Last winter I discovered that the public lands (National Forests, Park, Monuments, etc) along the border are used as major highways by immigrants and drug runners. I learned the hard way, when I was looking for a camping spot in a remote area of the Chiricahua Mountains in SE Arizona. Later, while researching the problem online, I learned that our public lands (which make up 40% of the border) are literally overrun. No one denies that “U.S. border policy for decades has pushed people seeking to cross the border onto more remote, dangerous areas, which includes areas of desert that are managed by the National Park Service and other agencies (ABC News).”
Now, I am not a supporter of sending U.S. Military to help Border Patrol, but I do support getting illegals off our public lands. So, I was happy when I read an ABC News article this morning that tells about new success in this area. It may be the only Trump policy that I agree with but that doesn’t matter. What matters is that people are apprehended. From the ABC article:
Immigration arrests at U.S. national parks and other federal lands spiked dramatically this year under President Donald Trump, with some 4,010 immigration-related arrests alone since May compared to only 126 arrests in 2016, according to the Interior Department.
The figures represent a dramatic escalation in the immigration enforcement role played by the Interior Department, a federal agency better known for protecting the nation’s historic monuments and wildlife refuges.

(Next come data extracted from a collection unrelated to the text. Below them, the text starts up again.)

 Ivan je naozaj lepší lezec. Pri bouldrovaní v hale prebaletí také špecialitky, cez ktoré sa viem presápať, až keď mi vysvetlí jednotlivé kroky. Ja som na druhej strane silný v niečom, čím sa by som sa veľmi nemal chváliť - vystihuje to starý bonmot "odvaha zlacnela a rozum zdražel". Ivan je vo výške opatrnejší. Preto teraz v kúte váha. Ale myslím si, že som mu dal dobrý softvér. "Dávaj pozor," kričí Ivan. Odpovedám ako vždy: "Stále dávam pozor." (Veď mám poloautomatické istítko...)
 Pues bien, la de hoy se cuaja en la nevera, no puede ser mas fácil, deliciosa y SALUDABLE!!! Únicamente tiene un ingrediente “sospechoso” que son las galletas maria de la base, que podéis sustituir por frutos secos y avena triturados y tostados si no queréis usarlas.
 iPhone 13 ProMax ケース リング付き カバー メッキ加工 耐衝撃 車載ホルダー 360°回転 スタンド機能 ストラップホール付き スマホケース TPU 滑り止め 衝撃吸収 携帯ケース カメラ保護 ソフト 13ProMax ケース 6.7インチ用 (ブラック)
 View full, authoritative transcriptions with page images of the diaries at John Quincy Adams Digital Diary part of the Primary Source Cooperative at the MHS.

“The fact that we were able to increase arrests by almost 4,000 percent is undeniable proof that there’s a big problem,” said Interior Secretary Ryan Zinke in a statement touting the new arrest figures. “Under the previous administration, Interior’s borderlands were basically an open door for illegal activity; and, what few law enforcement officers were down there were left unprotected and without the resources and backup needed to keep communities and themselves safe.

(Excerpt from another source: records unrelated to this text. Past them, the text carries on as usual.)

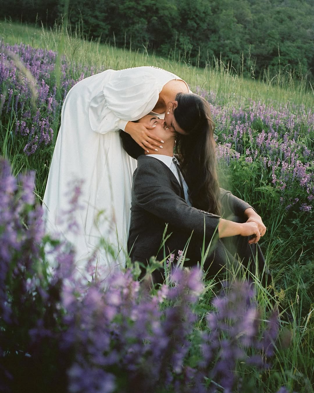 Outdoor wedding photos especially stand out with the film's dynamic range and natural color. Film captures golden hour light beautifully, softens skin tones, and gives wedding dress shadows a natural look. These images feel cinematic, not just like standard event photos. There’s no glossy perfection or heavy retouching. Instead, you see real texture and humanity, and the photos could have been taken yesterday or thirty years ago. That’s the point. Film wedding photos aren’t about trends or hashtags; they simply exist, quietly authentic and beautiful.
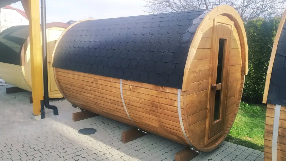 Sauna ogrodowa 270 cm z przedsionkiem typu beczka pokryta gontem bitumicznym
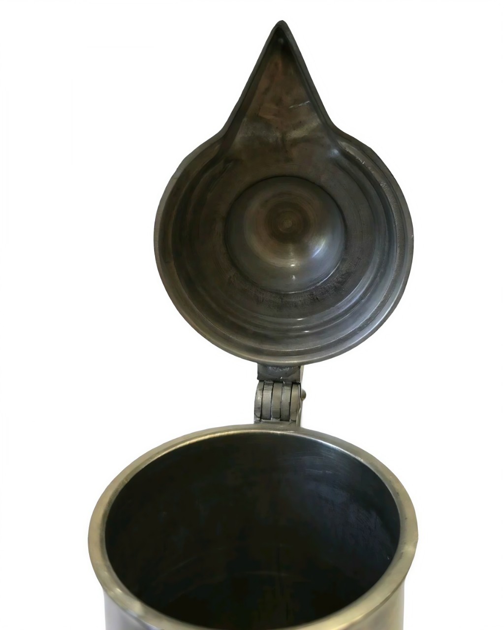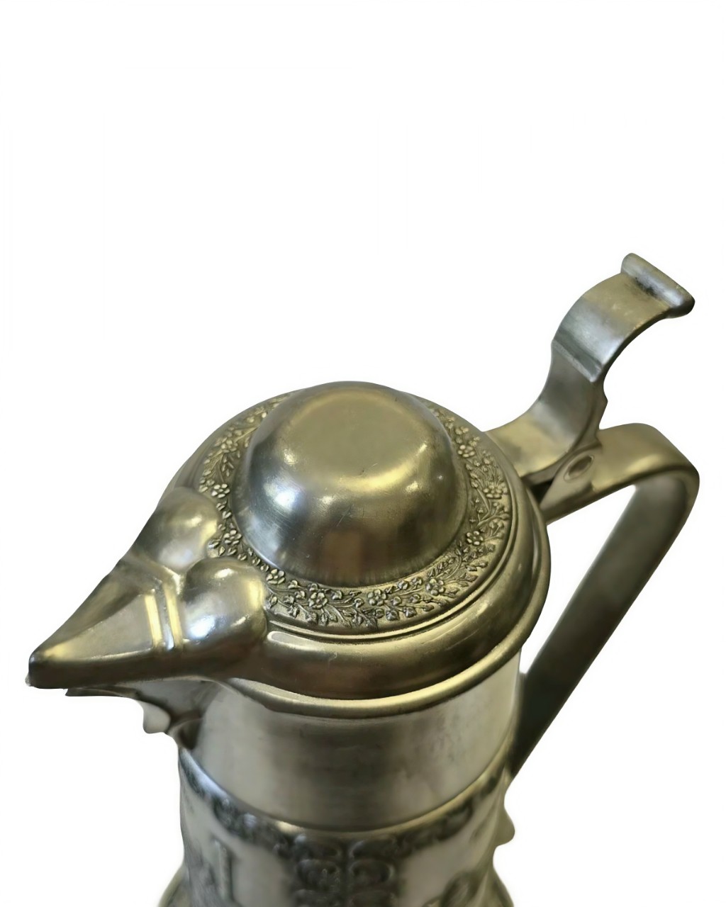 Этот предмет представляет собой коллекционный оловянный кувшин (или высокую пивную кружку — танкард) с откидной крышкой, изготовленный в Германии.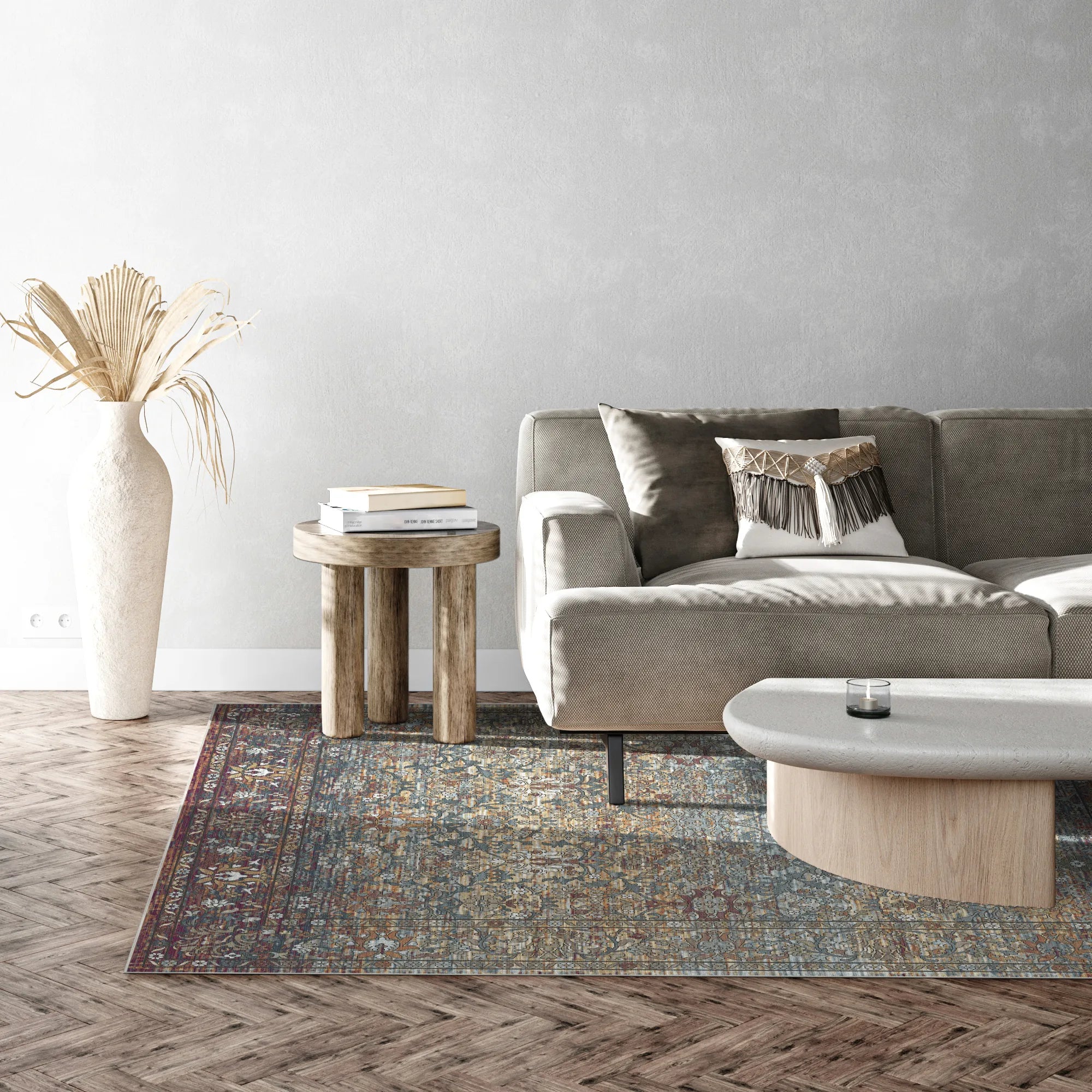 Tauchen Sie ein in eine lebendige Welt aus historischer Romantik und modernem Impressionismus mit dem waschbaren Teppich „Antique Multi Meadow“ . Dieses Design interpretiert den detailreichen botanischen Stil „Bakhtiari“ auf kühne und künstlerische Weise neu. Die Oberfläche besticht durch einen raffinierten horizontalen Farbverlauf, in dem tiefes Indigoblau, sattes Terrakotta und goldener Bernstein zu einer dynamischen, fast gemalten Atmosphäre verschmelzen. Vor diesem kontrastreichen Hintergrund entfaltet sich ein flächendeckendes Muster aus zarten Ranken und Miniaturblüten in Elfenbein, Salbei und gebrannter Siena. Mit seiner bewusst gealterten, vintage-inspirierten Patina ist dieser Teppich ein Meisterwerk des Übergangsdesigns und eignet sich perfekt, um einem gemütlichen Wohnzimmer, einem stilvollen Essbereich oder einer Master-Suite, die Wärme und architektonische Tiefe verlangt, einen besonderen Akzent zu verleihen.

More than 40 percent of the land along the U.S.-Mexico border is federal land controlled by the Interior Department and U.S. Forest Service. In order to protect that land, the Interior Department employs more than 4,000 law enforcement agents – the third largest presence in the federal government.
That number includes National Park rangers and U.S. Park Police, but also federal agents from the Bureau of Land Management, Fish and Wildlife Service, and Bureau of Indian Affairs.”

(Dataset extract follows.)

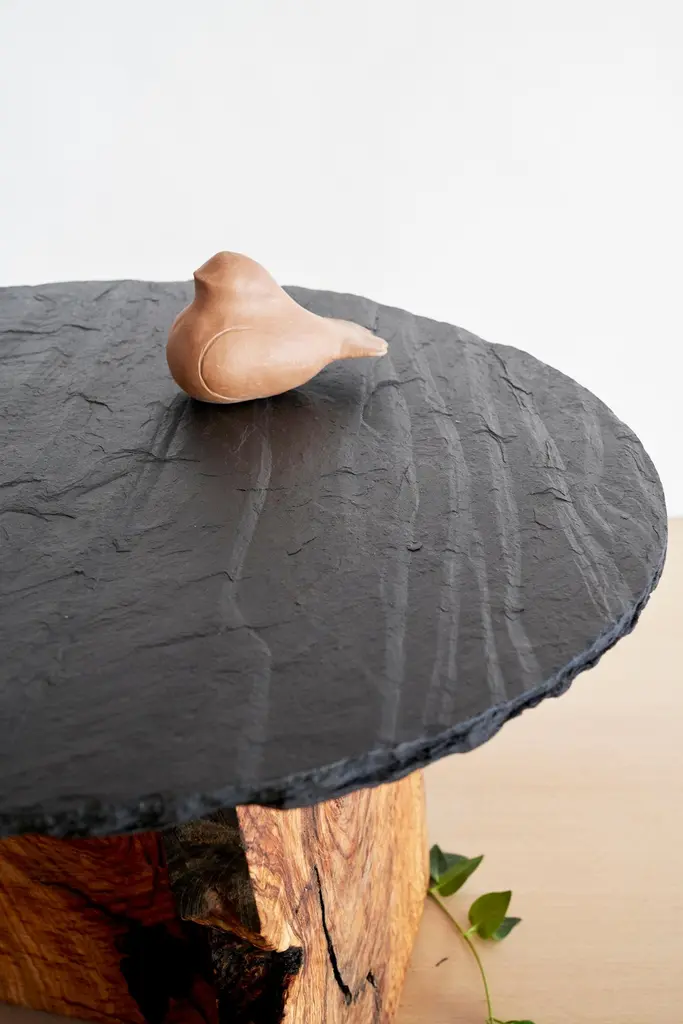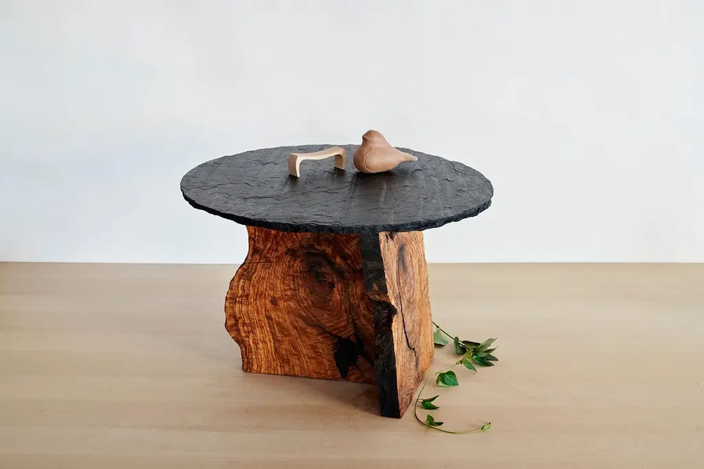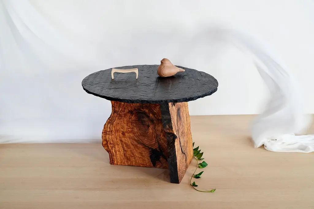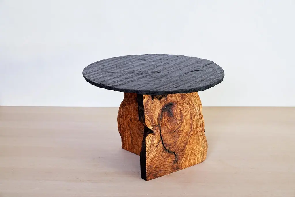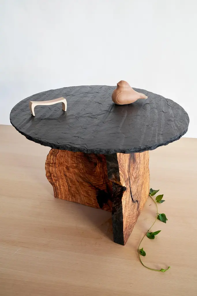 Art Brut Center Table by Jean-Baptiste Van Den HeedeUnique pieceDimensions: D 60 x H 41 cmMaterials: Natural olive wood and Slate stone.Living room table from the ART BRUT collection. A functional sculpture that can be seen as a side table as well.Jean-Baptiste Van den Heede defines himself as a cabinetmaker-designer and an artist of academic training and family tradition. He has achieved unique designs of national and international prestige and has several awards in avant-garde furniture.Born in Argentina in 1966, from an Argentine mother and a Belgian father. At 5 years of age he and his family moved to Belgium.To train as a wood professional, he first studied 4 years of carpentry. Then he continued training in cabinetmaking and carving for 5 more years. Always in search of contributing something more to his trade, he studied furniture and antique design, culminating this with the study of Sculpture at the Royal Academies of Fine Arts in Liège (Belgium) and graduating with honors.Work the stone, the wood and experience the forge. From the beginning it is directed towards a search for signs, abstract writings and unrealistic figures in analogy with other “primitive” cultures. He taught drawing and sculpture in Brussels at the private school “la main et l´ esprit” As well as summer courses in Liege (Belgium) “les ateliers d´art contemporain”.In 1995 he went to Barcelona where he taught and investigated the reliefs of different supports such as trees, floors, and especially sewer covers.He searched again analogies between current art and prehistoric, African art, etc.Participated in several exhibitions both at the artistic level and avant-garde design.In 2002, he moved down to Albacete and then to a town in the province where he still works.It is defined as “a search engine without haste or guidelines.” He says: “I only work when I feel a strong and positive inspiration invade me, an energy that I capture from matter, from the air and that I return doing the work until I feel a connection with it.”Private workshop of contemporary art in Letur (Albacete) until 2009.He currently works in his workshop-studio in the Sierra de Madrid (Guadalix de la Sierra) following his career as a cabinetmaker-designer and artist while teaching his trade to students interested in wood.

It is about time we started making our public lands safe for recreation again. Last April I spent time in Organ Pipe National Monument and in Ajo, AZ and the place is just overrun with both drug traffickers and Border Patrol vehicles. One morning driving north from the National Monument, I counted over 10 BP vehicles dashing off somewhere.
Now, we have some progress!
As for the other drama at the border, if the troops are so important in turning back the migrant caravan, why are they at Camp Donna in Texas when the migrants are near Tijuana?